Wednesday, 30 July 2025

Another Giant Courgette.


It's been cloudy in the morning, sunnier in the afternoon.

We were just enjoying a cup of tea in bed this morning when we realised the builder had turned up to clean off the pavement. By the time I had dressed rain had set in and the poor junior builder was out there getting wet, again. The rain lasted for as long as he was here and it hasn't rained since. I'm sure he's used to it and no doubt the tea and biscuits helped. He did his best to scrub down the asphalt with an acid cleaner, fitted the letterbox and removed the bags of rubble that had been left behind the wall. All that's left is for the same guy that did our rendering to come and spray the cement walls. 
Today the postman put two packages through our brand new letter box. A shame they were for the house next door. He could hardly have missed our house name right above the letter-box. I expect he was too rushed to go back and put them through next-door's letter-box.
 
As everything was wet outside in the morning I harvested our second large courgette and used it to make a cheese and courgette loaf and two chocolate and courgette cakes. For once I happened to have all the right ingredients, even golden castor sugar and virgin olive oil. The only substitution was broken walnut pieces instead of chopped toasted hazel nuts. Oh and I added some grated  parmesan to the loaf simply because I have a chunk sitting in the fridge. I had a slice of the cheesy loaf with extra butter earlier and it was delicious. And for the sake of the blog I've just had a small slice of the cake which even without the chocolate ganache called for by the recipe is also very tasty. The larger cake can go in the freezer and I'll probably take the smaller one to share with our fellow Vikings at the carnival.

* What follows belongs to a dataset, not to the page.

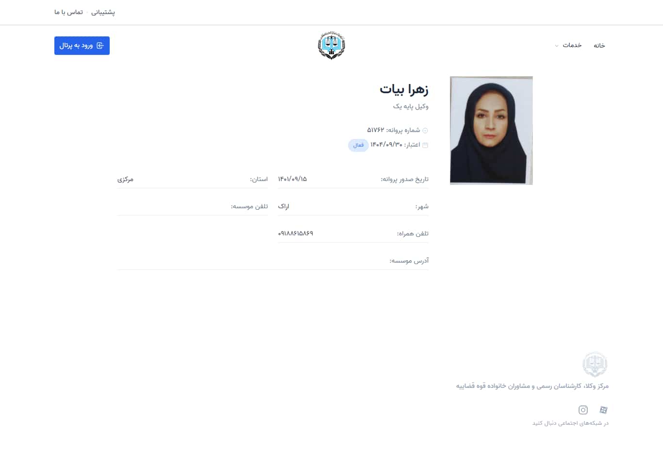 خانم زهرا بیات، وکیل پایه یک دادگستری، عضو کانون وکلای دادگستری مرکز با شماره پروانه ۵۱۷۶۲ میباشند. ایشان در شهر اراک فعالیت میکنند و در زمینههای مختلف حقوقی از جمله دعاوی حقوقی، کیفری، خانواده، ملکی و انحصار وراثت تخصص دارند. برای دریافت مشاوره حقوقی یا تنظیم وقت ملاقات، میتوانید از طریق شماره تماس ۰۹۱۸۳۶۷۰۴۹۷ با ایشان در ارتباط باشید.
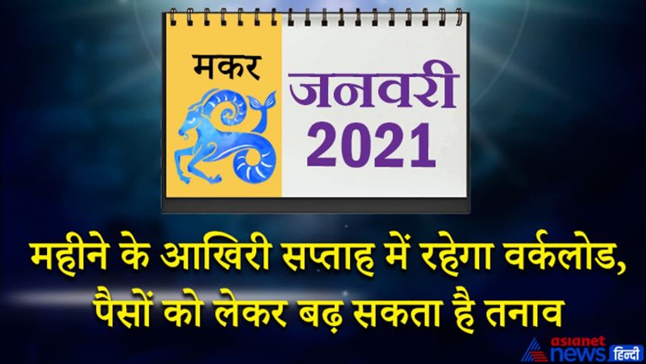 इस महीने में गुरु-शनि मकर राशि का लग्न में, मंगल मेष राशि का चौथे भाव में, राहु वृषभ राशि का पांचवें भाव में, चंद्रमा कर्क राशि का सातवें भाव में, केतु-शुक्र वृश्चिक राशि का ग्यारहवें भाव में, सूर्य-बुध धनु राशि का बारहवें भाव में रहेगा। 1 से 7 जनवरी के बीच कोर्ट से जुड़े मामले उलझ सकते हैं। भावुकता में आकर आप कोई गलत निर्णय ले सकते हैं। व्यवसाय को लेकर गंभीरता से सोचने की जरूरत है। वाहन द्वारा क्षति की संभावना बन रही है। कोई निकट का व्यक्ति आपके साथ धोखा कर सकता है। 8 से 15 जनवरी के बीच किसी अनुभवी व्यक्ति की सलाह आपके काम आ सकती है। रिश्तेदारों से संबंधों में मधुरता बढ़ेगी। बिजनेस को लेकर नए विचार आपके मन में आ सकते हैं। आता हुआ पैसा रुकने से तनाव की स्थिति बन सकती है। 16 व 17 जनवरी को मिले-जुले फल प्राप्त होंगे। आप परिवार की हर जरूरत का ध्यान रखेंगे। ससुराल पक्ष से कोई बुरी खबर सुनने को मिल सकती है। आप हर परेशानी का हल समय रहते निकाल पाएंगे। महीने के अंतिम सप्ताह में काम का दबाव ज्यादा रहेगा। आपका ध्यान अध्यात्म की ओर बढ़ सकता है।

Although we didn't have the usual seagulls' nest to watch this year this past week two fledglings have been 'parked' next-door. They can fly and the older more confident one is often on the ridge of the house but home seems to be the garage roof. They are still dependent on the adults for food and spend a lot of time calling for food with their high pitched peeping.
The nest is usually on the flat roof behind the metal chimney pipe but this year in the spring the chimney stack was taken down and rebuilt to a lower height. I watched the builders working very carefully with spirit levels as they laid the bricks and they did a grand job but judging by the mess someone slapdash must have been sent to put the slab on the top. 

In the afternoon I made a start on cutting the hedges. I used the normal trimmer to go over the hedge at the side of the terrace and then took the extra long trimmer down to do the hedge at the bottom of the garden. I'm still not getting on with it, even carrying it down the garden felt like too much. My neighbour wants to come out next time to see if he can show me a better way to work with it but I really feel it is too heavy and unwieldy for me. I think I'll let him show Peter how to use it. If Peter can cut the hedge I'm happy to supervise (he cut great chunks out of the hedge with the trimmer the last time I let him cut the hedge) and sweep up.
Cutting the hedge with two trimmers and the secateurs plus a morning of baking and a bad night has worn me right out and I've decided not to go to choir. I need to spend the evening flopped on the sofa. 

1 comment:

MELODY JACOB said...

Wow, what a day with the builder and the postman. It's so clever how you used the courgette for both sweet and savory treats; that cheese and courgette loaf sounds super yummy. It's too bad about the seagulls not nesting in their usual spot this year, but it is nice that their fledglings are close by.